Macario is making 9 pounds of nut mixture with macadamia nuts and almonds. Macadamia nuts cost $8 per pound and almonds cost $5.25 per pound. How many pounds of almonds and how many pounds of macadamia nuts should Macario use for the mixture to cost $61.00 to make.
If there are x lbs of almonds, then the rest (9-x) is macadamias.
So, now just make sure the value of the parts adds up to the value of the mix:
5.25x + 8.00(9-x) = 61.00
To solve this problem, we can set up a system of equations to represent the given information. Let's use "x" to represent the number of pounds of macadamia nuts and "y" to represent the number of pounds of almonds.
From the problem, we know that Macario is making a total of 9 pounds of nut mixture. So, our first equation is:
x + y = 9 (equation 1)
We also know that macadamia nuts cost $8 per pound and almonds cost $5.25 per pound. The total cost of the mixture is $61.00. The cost of macadamia nuts used is 8x, and the cost of almonds used is 5.25y. Therefore, our second equation is:
8x + 5.25y = 61 (equation 2)
Now, we can solve this system of equations using substitution or elimination. Let's use substitution.

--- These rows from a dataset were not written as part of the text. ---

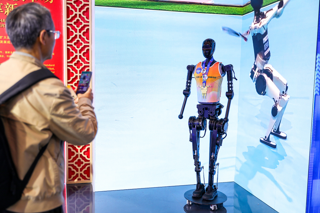 2025年11月6日,上海,第八届进博会中国馆展出的“天工Ultra”人形机器人。在北京亦庄半程马拉松暨人形机器人半程马拉松活动上,机器人获得冠军。视觉中国 图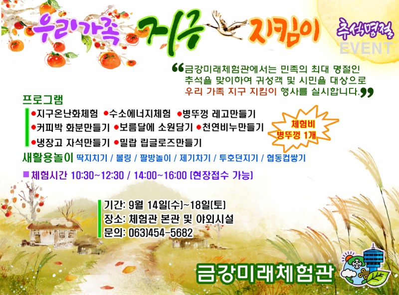 [군산=뉴전북] 금강미래체험관은 민족의 최대 명절인 추석을 맞아 오는 14일부터 18일까지 귀성객과 시민을 대상으로 ‘우리 가족 지구 지킴이’ 행사를 실시한다.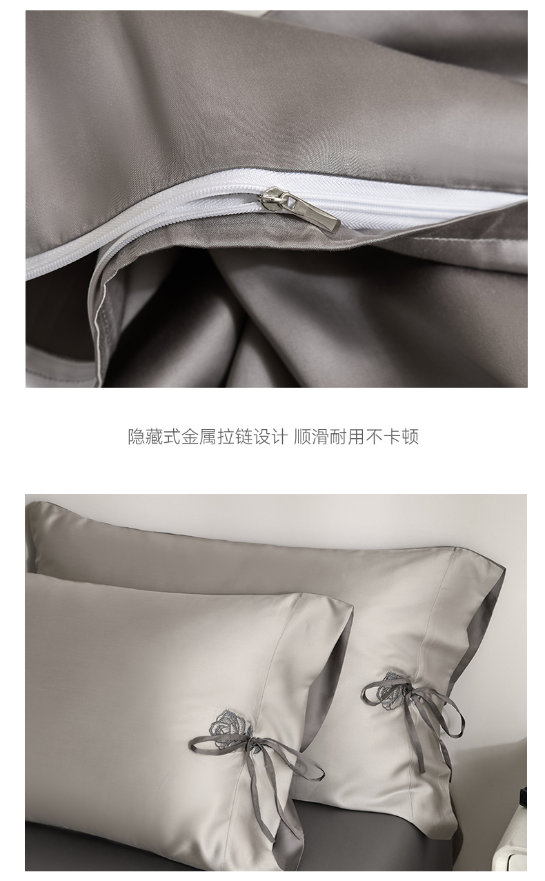 商品名称:DC 2026新款天丝玫瑰压线抽绳四件套--日落玫瑰系列 冰川灰+经典灰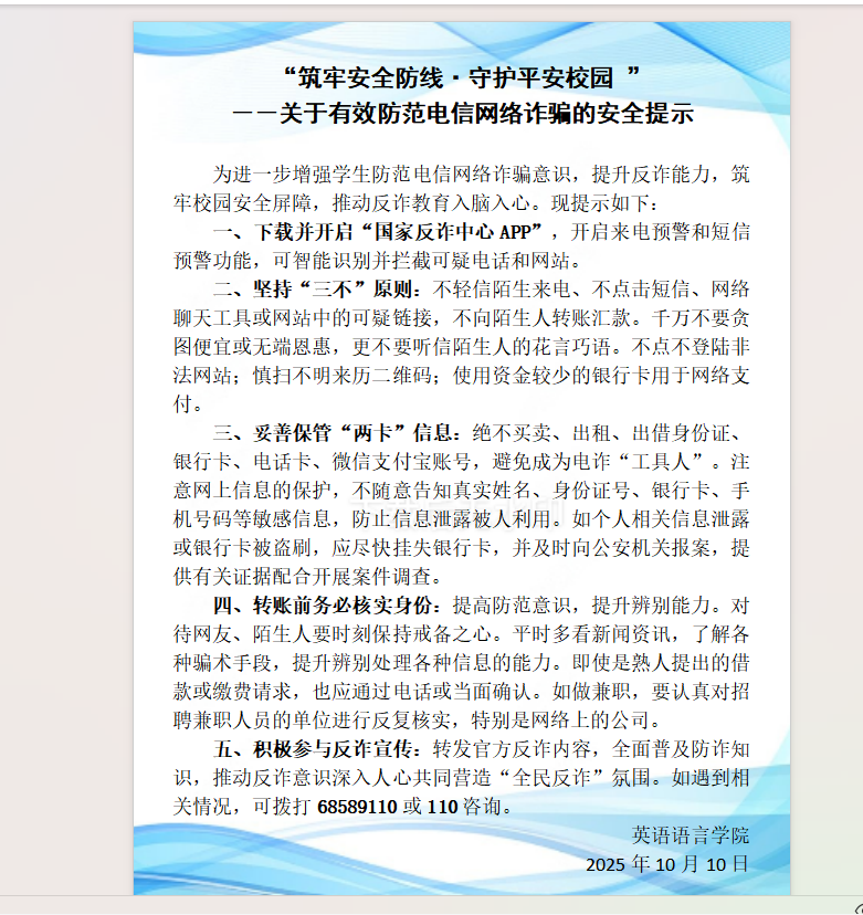 筑牢安全防线·守护平安校园——关于有效防范电信网络诈骗的安全提示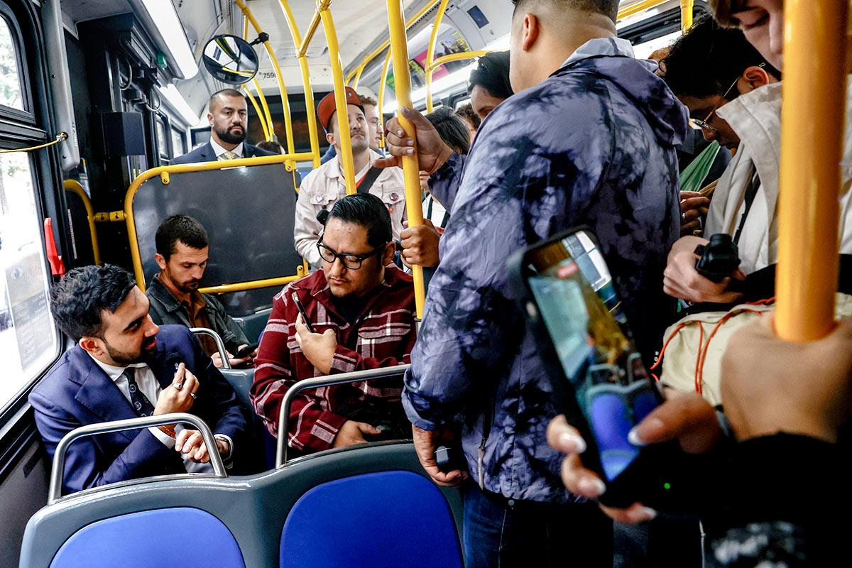 IMAGE: New York City mayoral candidate Zohran Mamdani, seated left, rides the M57 bus on his way to a press conference about his proposal for free and fast buses in New York City. Photograph: Kylie Cooper/Reuters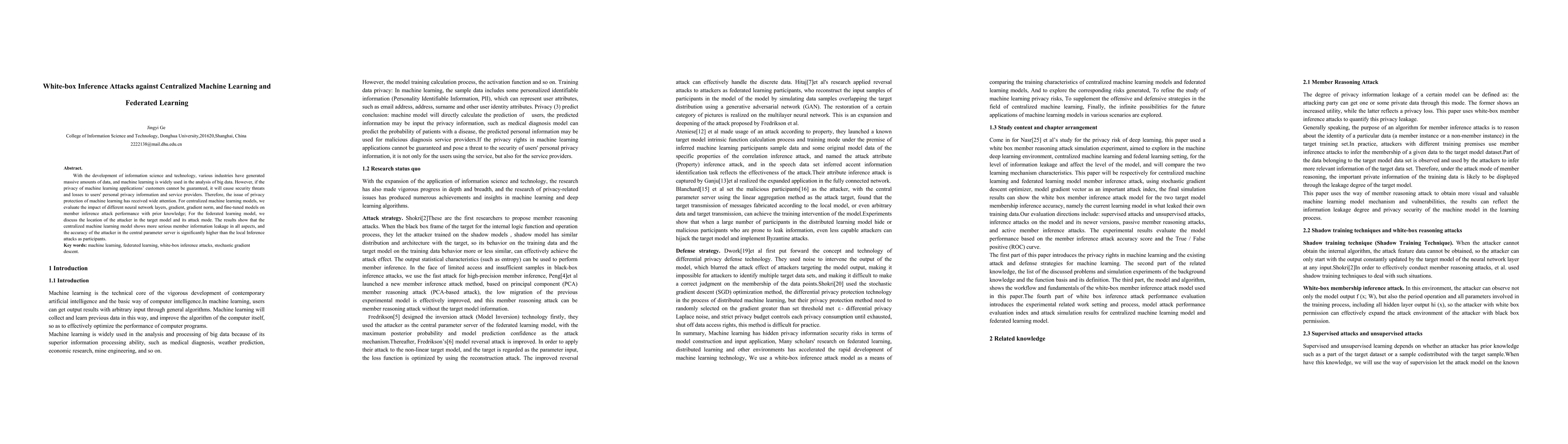 This paper investigates white-box inference attacks on both centralized and federated machine learning models, focusing on the impact of various factors on attack success. It finds that centralized models are more vulnerable to member information leakage compared to federated models, with higher accuracy in attacks targeting the central parameter server.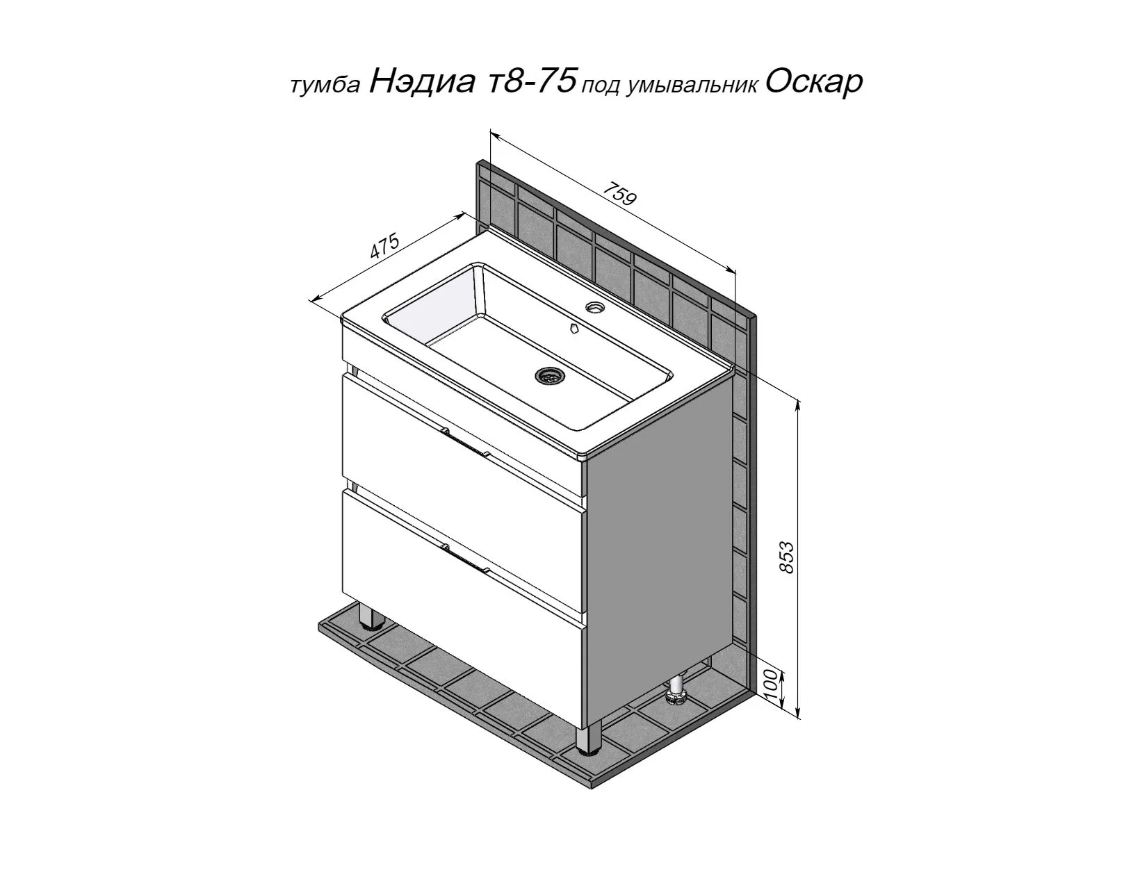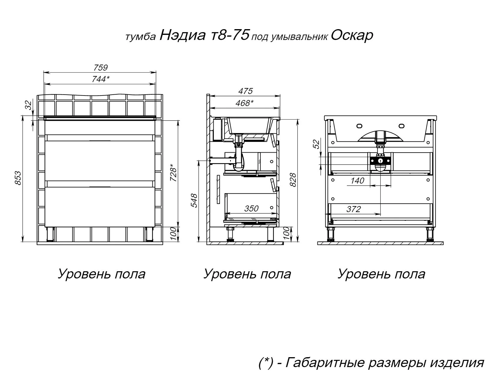 Тумба под раковину BRIZ Нэдиа 75 см 366 03-08075-21 00 БЕЛ (под раковинуОскар)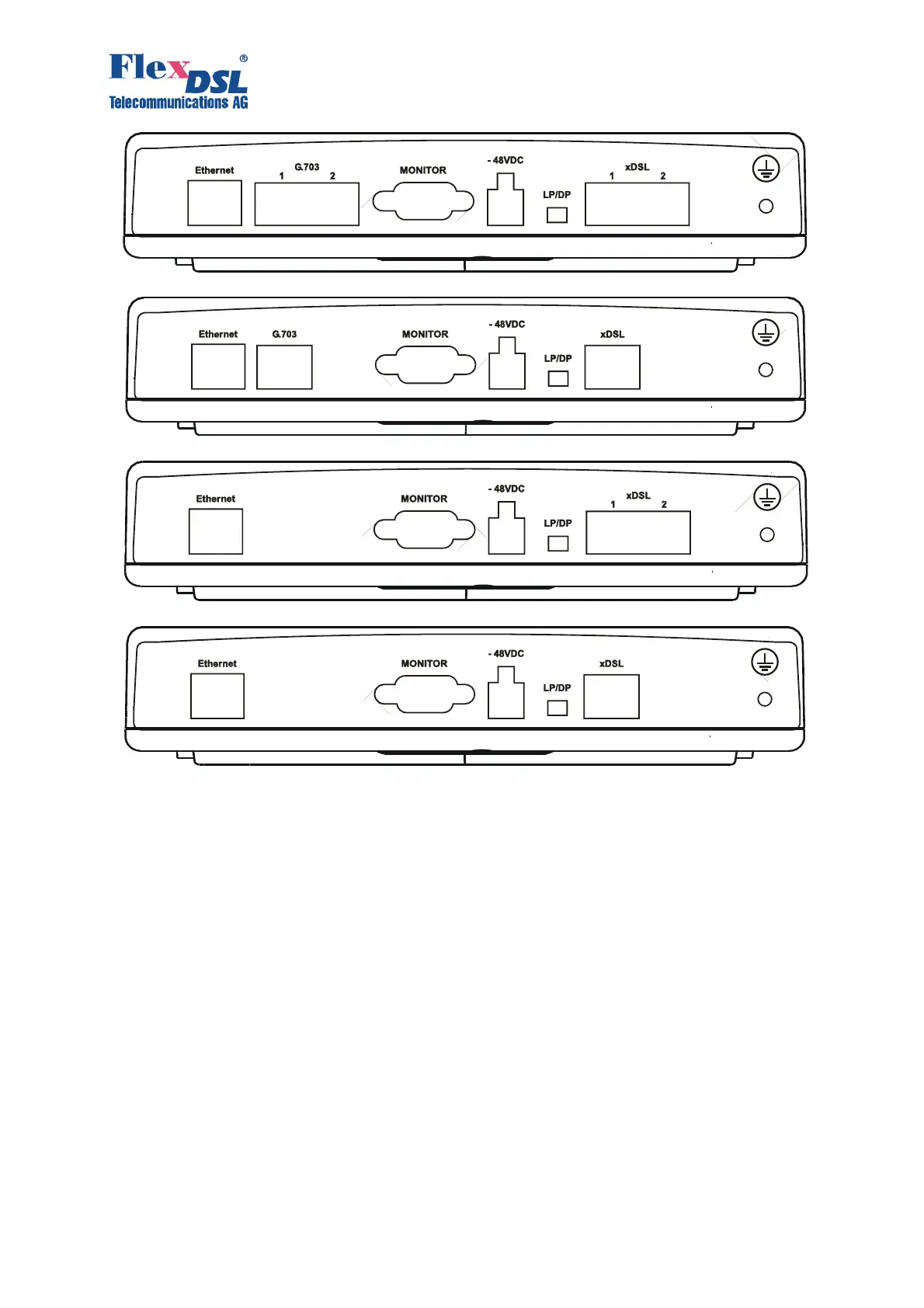 Figure 3.3. Rear view FlexDSL Orion 2 NTU devices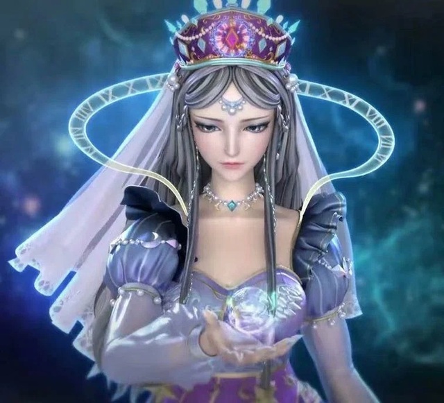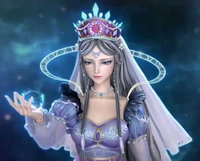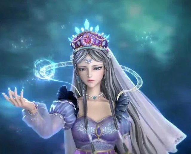 时希来到辛灵仙子身边双手放在辛灵仙子的肩上辛灵仙子的眼睛冒出了金色的光芒
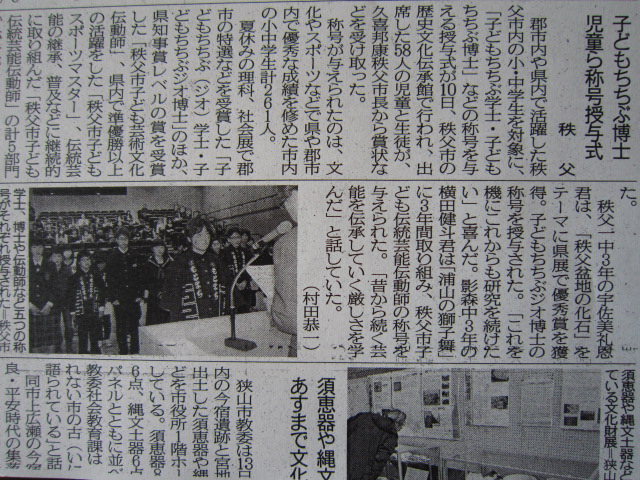 ・秩父市で行っている「子どもちちぶ学士・博士」の表彰で2年生の神楽伝承学習が表彰されました。2年生を代表して新井めぐみさんに出席してもらいました。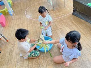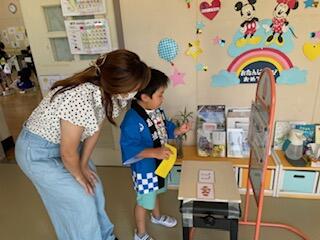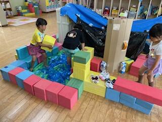 今日は登園するとおうちごっこのお風呂作りをしていました!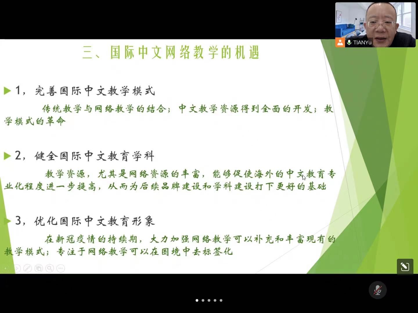 接着,田老师从教材及设备、网络教学法、习得与测试三个角度分析了当前国际中文网络教学面临的挑战。从完善中文教学模式、健全国际中文教育学科、优化国际中文教育形象三个角度剖析了国际中文网络教学的机遇。
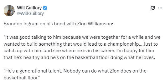 在谈到与前队友锡安之间的感情时,英格拉姆表示:“和锡安聊天感觉很好,我们一起并肩作战过一段时间,都希望能一起打造一支有能力冲击总冠军的队伍。我只是想和他叙叙旧,看看他职业生涯现阶段的状况。我为他感到开心,他保持着健康,回到了球场上,做着自己热爱的事。他拥有一代人一遇的天赋,在篮球场上,没人能做到锡安能做到的事。”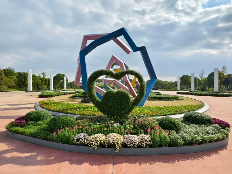 从花博园的北门进入,便是此次金秋菊展的核心展区,150余个品种的近3万盆菊花,组成“平安”“繁荣”“蝶恋花”“年年有余”“登高望远”等10组主题菊花造景,让人眼前一亮的同时,也为市民提供了观赏、打卡的的丰富选择。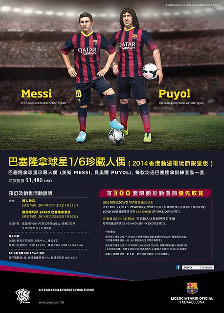 ZCWO 公司(ZCWorld)將要在今年2014 年的香港動漫電玩節(ACGHK)推出兩款巴塞隆納足球俱樂部(Futbol Club Barcelona;巴塞)的球星人偶作品:利昂內爾.梅西(Lionel Messi)與卡萊斯。普約爾(Carles Puyol)。一個是來自阿根廷強到炸掉的瘋狂得分機器,一個是來自西班牙鞏固後場的防守大將。喜愛與支持巴塞的球迷與玩具人怎麼可以錯過這經典的人偶作品呢?!目前會場會搶先發售300 套的限定版,有附送1/6 比例巴塞隆納訓練衣一套。相關詳細訊息,有興趣的玩具人可以參考ZCWO Facebook。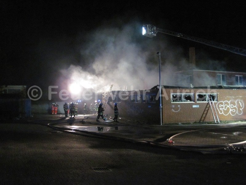 Die Ortsfeuerwehr Aurich wurde in der Nacht auf Donnerstag zusammen mit der DRK Bereitschaft Aurich und, bedingt durch das Einsatzstichwort, dem ELW 2 aus Middels zu einem Brand in einer Tischlerei im Hoheberger Weg gerufen. Den Auricher Kameraden war diese Adresse sehr wohl bekannt. Der Betrieb war über viele Jahrzehnte ein Unternehmen der Familie von Essen - dem ehemaligen Kreisbereitschaftsführer LK Aurich-Süd und Zugführer der Ortsfeuerwehr Aurich.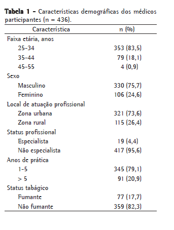 ResultadosDos 450 médicos contatados, 436 preencheram o questionário, o que significou um índice de resposta de 96,9%. A idade média dos médicos foi 30,6 ± 4,1 anos. O número médio de anos exercendo a profissão foi 3,5 ± 2,7. Dos médicos participantes, 330 (75,7%) eram homens e 106 (24,3%) eram mulheres. A Tabela 1 mostra as características dos médicos participantes. O escore médio de conhecimento sobre o uso de tabaco foi 3,3 ± 0,7 (moda, 3). Os respondentes que obtiveram pontuação ≥ 3 foram considerados com um bom nível de conhecimento sobre o uso de tabaco. Quando o escore foi estratificado em duas variáveis dicotômicas (escore bom e escore ruim), observou-se que 388 médicos (89,0%) tinham um bom nível de conhecimento sobre o uso de tabaco e que 48 (11,0%) tinham um baixo nível de conhecimento (χ2 = 265; grau de liberdade = 1; p ≤ 0,001). Duzentos e noventa e dois médicos (67,0%) estavam informados a respeito do tratamento para a cessação do tabagismo, e 136 (31,2%) não estavam informados a esse respeito (p < 0,001). Apenas 132 médicos (30,3%) tinham um bom nível de conhecimento sobre o tratamento para cessação do tabagismo, enquanto que 300 (68,8%) não tinham tal conhecimento (p < 0,001). As fontes mais comuns de informações atuais sobre a cessação do tabagismo eram as faculdades de medicina, totalizando 144 (33,0%). Trezentos e oito respondentes (70,6%) relataram que a educação sobre tabagismo nos currículos de medicina era inadequada, enquanto que 68 (15,6%) acreditavam que tal conteúdo era adequadamente incorporado aos currículos de medicina. Trezentos e setenta e seis médicos (86,2%) questionavam seus pacientes quanto ao tabagismo; 172 (39,4%) questionavam seus pacientes quanto aos motivos para o fumo. Duzentos e sessenta e oito médicos (61.5%) aconselhavam brevemente seus pacientes quanto à cessação do tabagismo. Sessenta e cinco médicos (14,9%) estabeleciam uma data para a cessação do tabagismo com seus pacientes. Dezesseis médicos (3,7%) prescreviam antidepressivos orais, ao passo que 12 (2,8%) prescreviam terapia de reposição nicotínica (TRN, goma de mascar com nicotina em todos os casos).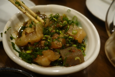 続いて人気メニューの牛筋の煮込みが登場しました!たっぷり一味をかけていただきます!うまい!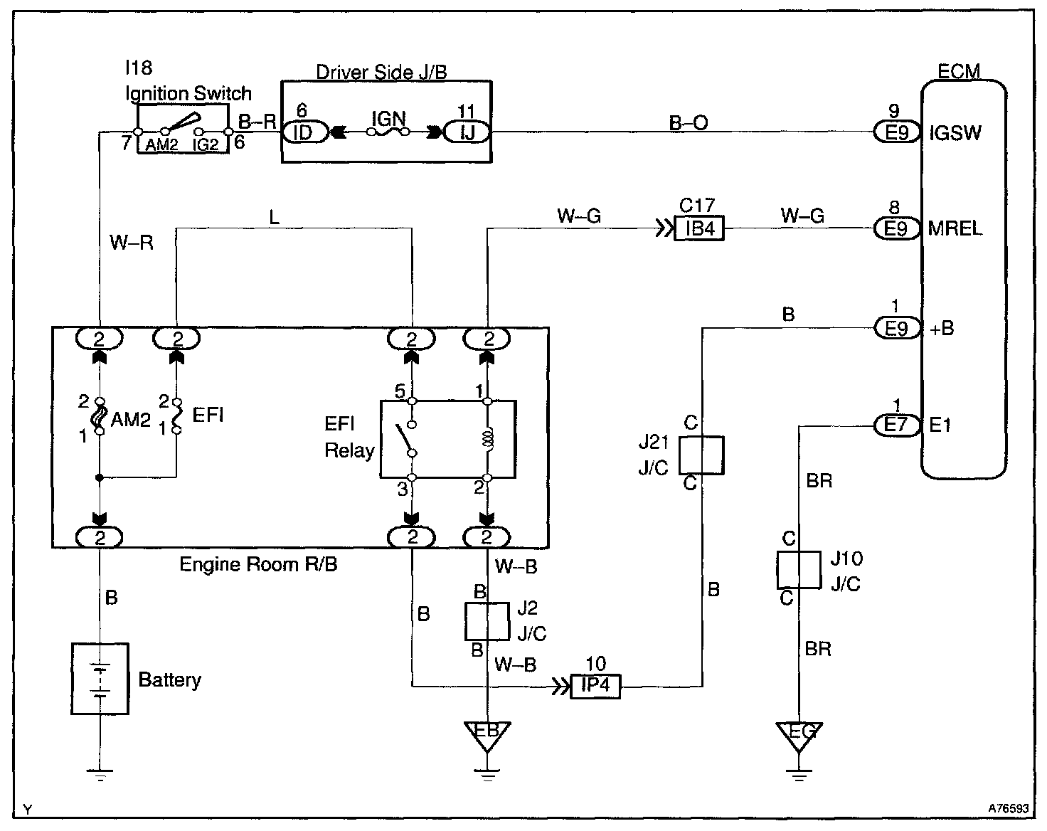 CIRCUIT DESCRIPTIONWhen the ignition switch is turned ON, battery positive voltage is applied to terminal IGSW of the EGM and the EFI relay (Marking: EFI) control circuit in the ECM sends a signal to terminal MREL of the ECM switching on the EFI relay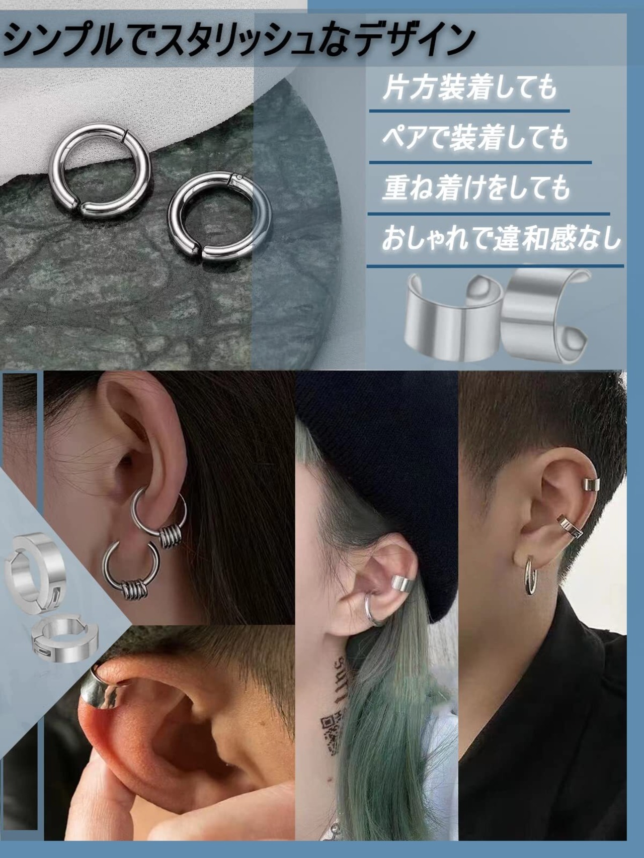 【人気のイヤリング】フェイクピアスタイプなので耳に穴を開ける必要がなく、メンズもレディースもファッションシーンで使い回しやすいです。ユニセックスデザインなので、イヤリングをペアでつけたり、片耳だけ付けたり、重ね付けたり、軟骨ピアスとして、色違いで付けたりして付け方法が色々あります。

From equation 1, we can rearrange it to solve for x:
x = 9 - y (equation 3)
Now, substitute equation 3 into equation 2:
8(9 - y) + 5.25y = 61
Expand and simplify:
72 - 8y + 5.25y = 61
Combine like terms:
-2.75y = -11
Divide both sides by -2.75 to solve for y:
y = 4
Now that we have the value of y, substitute it back into equation 3 to find x:
x = 9 - 4 = 5
Therefore, Macario should use 5 pounds of macadamia nuts and 4 pounds of almonds for the mixture to cost $61.00 to make.